Eric,
You could convert the exon IDs associated with the peaks to ensemble
gene
IDs and input these ensemble gene IDs to the getEnrichedGO function.
Best regards,
Julie
On 1/5/11 4:09 PM, "Eric Cabot" <elcabot at="" gmail.com=""> wrote:
> Hi Julie,
>
> It may be a while before I get back to you on this, because I did
my
> mapping and ChIP-Seq analysis with Hg19 (NCBI 37), not Hg18 (NCBI
36).
> I'm also a little concerned about using transcription start site
> annotations rather than exons, because the the binding domains are
not
> thought to be restricted to only promoters.

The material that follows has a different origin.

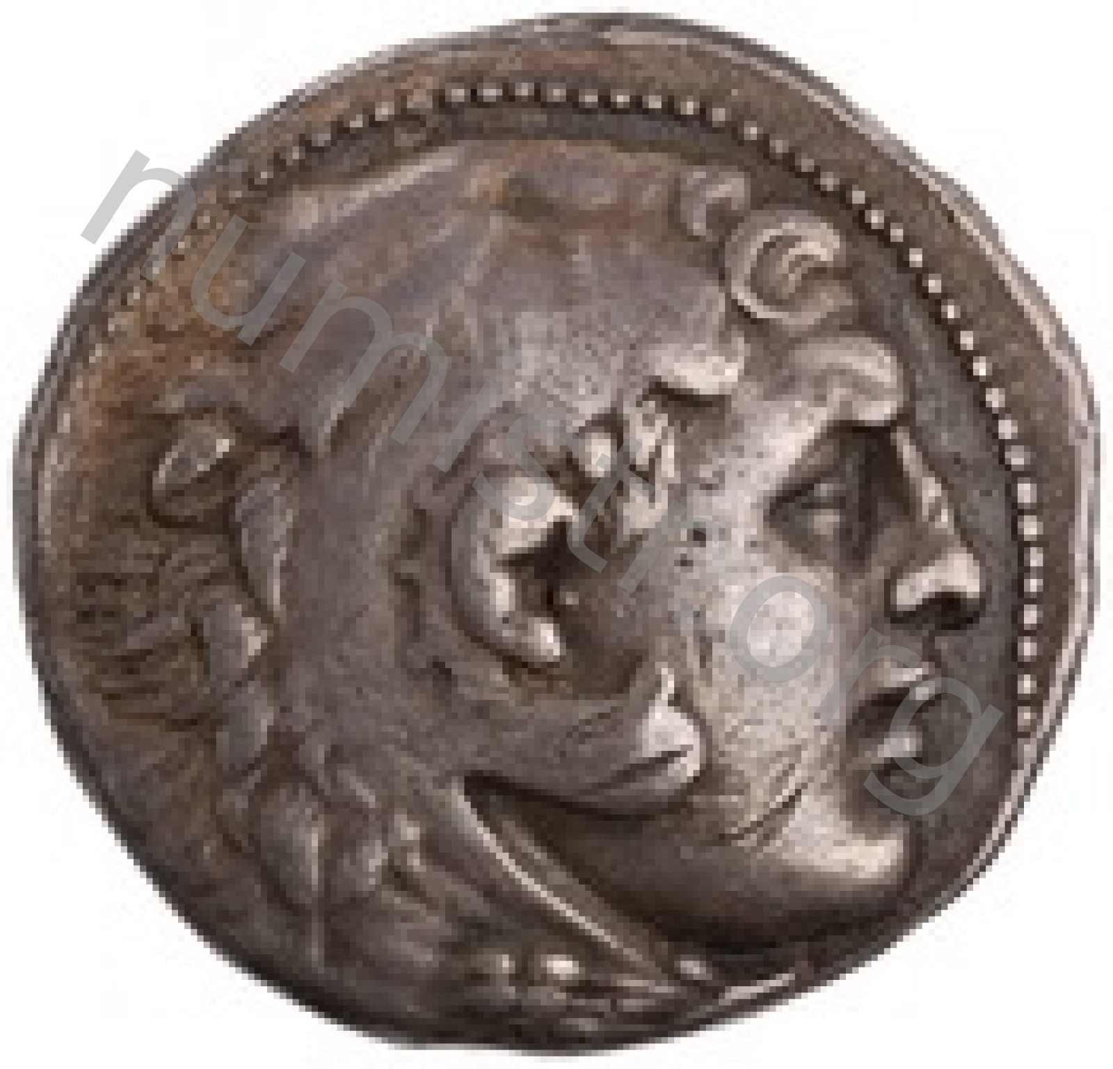 Head of beardless Heracles right wearing lion skin headdress -[en]

Any suggestions?
>
> Eric
>
>
>
> Zhu, Lihua (Julie) wrote:
>> Eric,
>>
>> The annotated dataset has exon ID instead of gene ID while the
getEnrichedGO
>> is expecting feature_id_type="ensembl_gene_id". For a list of
supported
>> feature_id_type, please type ?getEnrichedGO.
>>
>> To use getEnrichedGO function, first get the TSS annotation.
>>
>> TSS.human.NCBI36 = getAnnotation(ENSEMBLE_GENES_MART,
featureType="TSS")
>>
>> or use the build in TSS as
>>
>> data(TSS.human.NCBI36)
>>
>> Then annotate your peaks with TSS.human.NCBI36 followed by
getEnrichedGO
>> call.
>>
>> Please let me know if this works for you.
>>
>> Best regards,
>>
>> Julie
>>
>>
>>
>>
>> On 1/5/11 12:29 PM, "Eric Cabot" <elcabot at="" gmail.com=""> wrote:
>>
>>> Hi Julie,
>>>
>>> Thank you for your response.
>>>
>>> Here is the sessionInfo and traceback output and also a few lines
of
>>> "my_annotated_regions".
>>>
>>> Regards,
>>>
>>> Eric Cabot
>>>
>>>> sessionInfo()
>>> R version 2.12.1 (2010-12-16)
>>> Platform: x86_64-unknown-linux-gnu (64-bit)
>>>
>>> locale:
>>> [1] LC_CTYPE=en_US.UTF-8 LC_NUMERIC=C
>>> [3] LC_TIME=en_US.UTF-8 LC_COLLATE=en_US.UTF-8
>>> [5] LC_MONETARY=C LC_MESSAGES=en_US.UTF-8
>>> [7] LC_PAPER=en_US.UTF-8 LC_NAME=C
>>> [9] LC_ADDRESS=C LC_TELEPHONE=C
>>> [11] LC_MEASUREMENT=en_US.UTF-8 LC_IDENTIFICATION=C
>>>
>>> attached base packages:
>>> [1] stats graphics grDevices utils datasets methods
base
>>>
>>> other attached packages:
>>> [1] ChIPpeakAnno_1.6.0 limma_3.6.9
>>> [3] org.Hs.eg.db_2.4.6 GO.db_2.4.5
>>> [5] RSQLite_0.9-4 DBI_0.2-5
>>> [7] AnnotationDbi_1.12.0
>>> BSgenome.Ecoli.NCBI.20080805_1.3.16
>>> [9] BSgenome_1.18.2 GenomicRanges_1.2.2
>>> [11] Biostrings_2.18.2 IRanges_1.8.8
>>> [13] multtest_2.6.0 Biobase_2.10.0
>>> [15] biomaRt_2.6.0
>>>
>>> loaded via a namespace (and not attached):
>>> [1] MASS_7.3-9 RCurl_1.5-0 splines_2.12.1
survival_2.36-2
>>> [5] tools_2.12.1 XML_3.2-0
>>> my_enrichedGO<-getEnrichedGO(my_annotated_regions,orgAnn="org.Hs.e
g.db",maxP
>>> =0
>>> .01,multiAdj=FALSE,minGOterm=1,feature_id_type="ensembl_gene_id")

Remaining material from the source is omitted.